Terlepas dari berbagai keberhasilan pembangunan yang disumbangkan oleh teknologi dan sektor industri di Indonesia, sesungguhnya telah terjadi kemerosotan sumber daya alam dan peningkatan pencemaran lingkungan, khususnya pada kota-kota yang sedang berkembang seperti Gresik, Surabaya, Jakarta, Bandung Lhokseumawe, Medan, dan sebagainya. Bahkan hampir seluruh daerah di Jawa telah ikut mengalami peningkatan suhu udara, sehingga banyak penduduk yang merasakan kegerahan walaupun di daerah tersebut tergolong berhawa sejuk dan tidak pesat industrinya.
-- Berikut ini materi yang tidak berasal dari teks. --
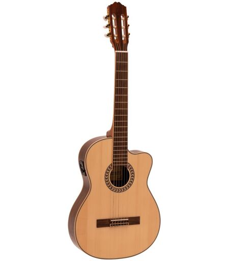 Thinline-Klassikgitarre mit Tonabnehmersystem Schmaler Korpus, Lieferumfang 1 x Instrument, 1 x Innensechskantschlüssel, 1 x Batterie, Batterie: 1 x 9,0 V E-Block 6F22 Zink-Kohle eingebaut, Tonabnehmer: 1 x Piezo, Hals: MahagoniGriffbrett: Walnuss 19 Bünde, Korpus: 4/4Hainbuche lackiert, Mensur: 650 mm, Sattelbreite: 52 mm, Steg: Ahorn, Saitenanzahl: 6, Regler: 1 x Lautstärke, 2 x Ton, Equalizer: 1 x Regler 2-Band, Binding: Vorderseite und Rückseite schwarz, Pinstripe, Decke: Kiefer massiv, Farbe: Natur, Gewicht: 1,75 kg ...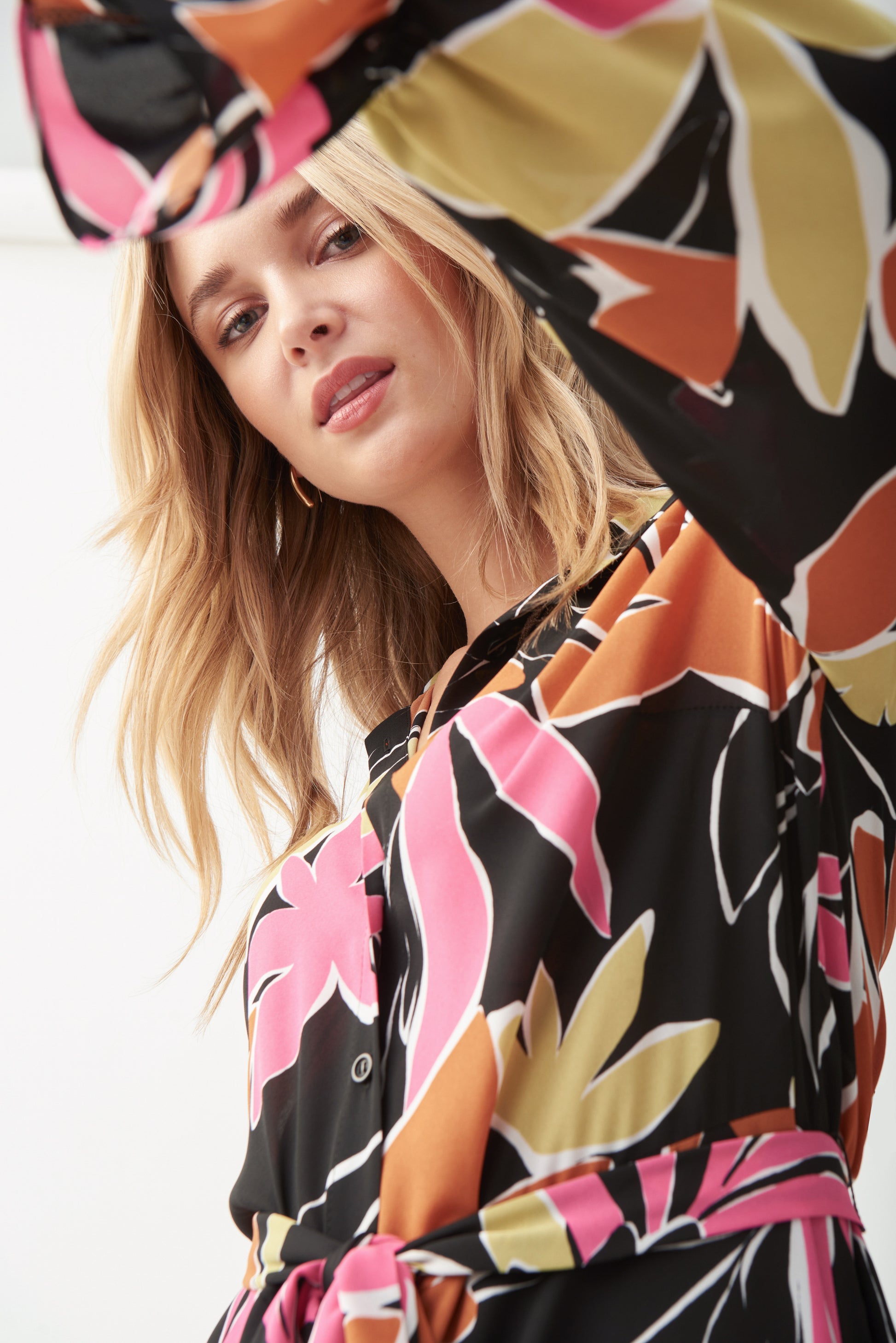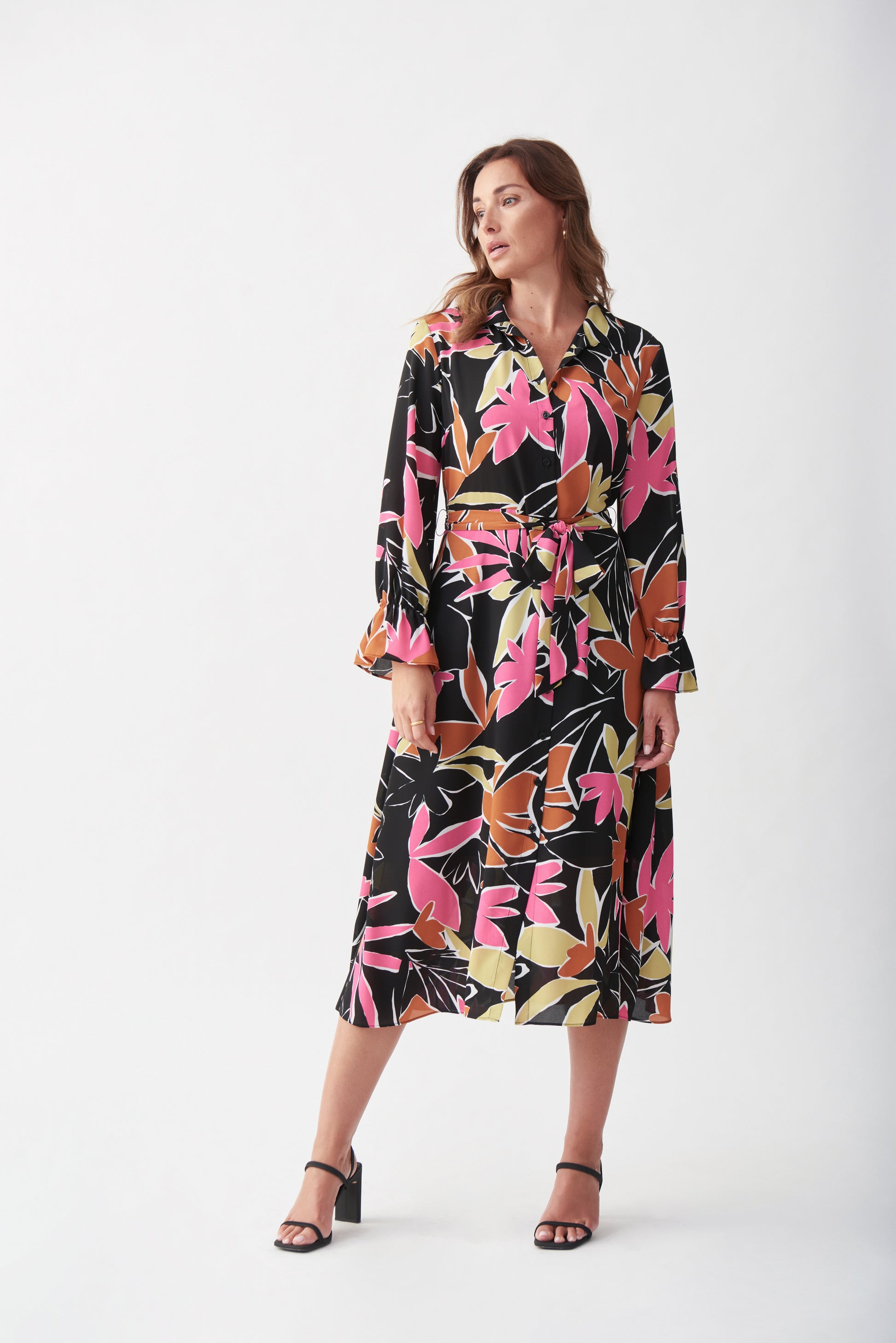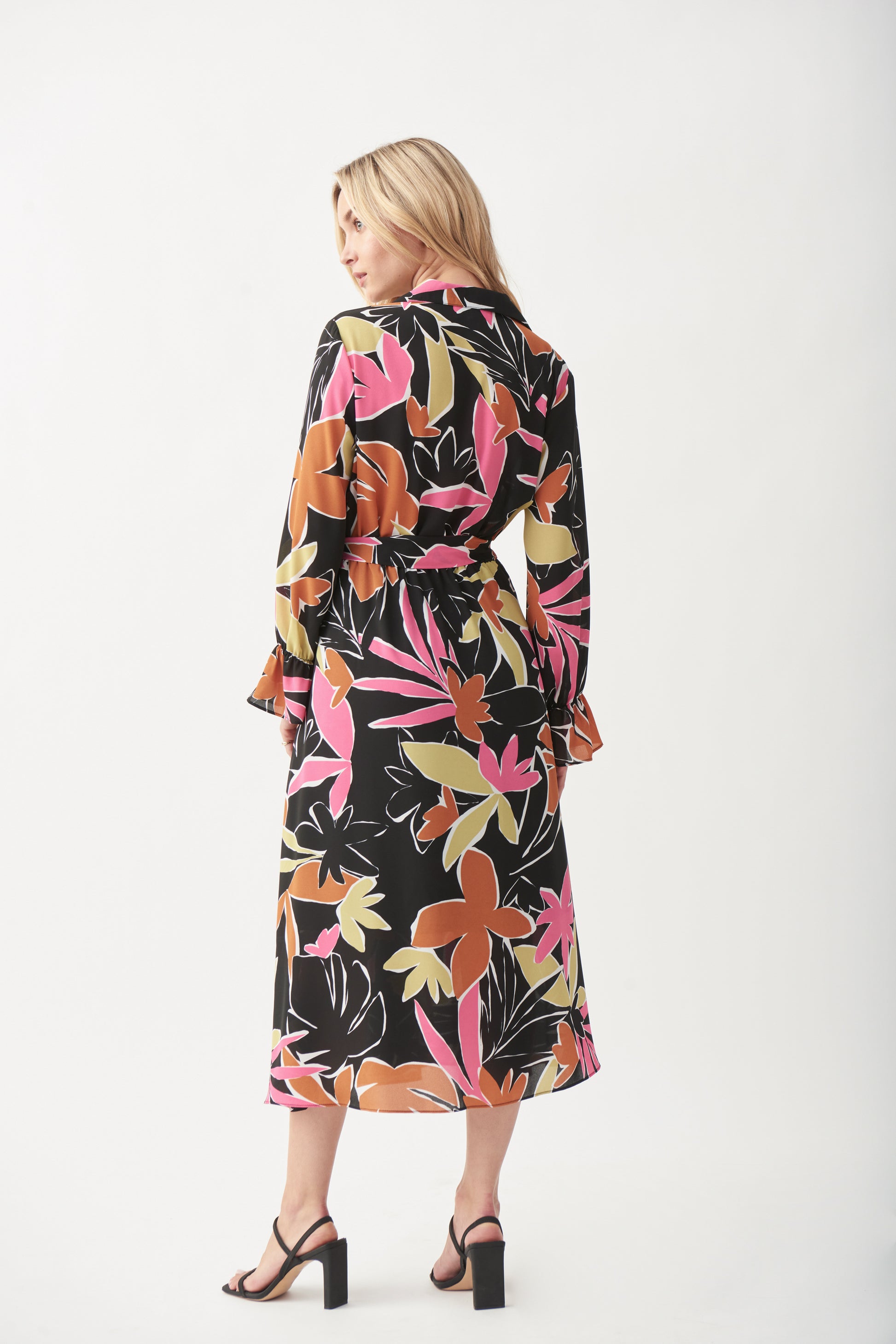 Vestido camisero color negro con estampado en tonos rosa, naranja y lima, con fajín en la cintura de la misma tela, manga con puño con volantes, cierre con botones al frente.

Berkaitan dengan pernyataan tersebut, Amsyari (1996:104), mencatat kerusakan lingkungan akibat industrialisasi di beberapa kota di Indonesia, yaitu:
-          Terjadinya penurunan kualitas air permukaan di sekitar daerah-daerah industri.
-          Konsentrasi bahan pencemar yang berbahaya bagi kesehatan penduduk seperti merkuri, kadmium, timah hitam, pestisida, pcb, meningkat tajam dalam kandungan air permukaan dan biota airnya.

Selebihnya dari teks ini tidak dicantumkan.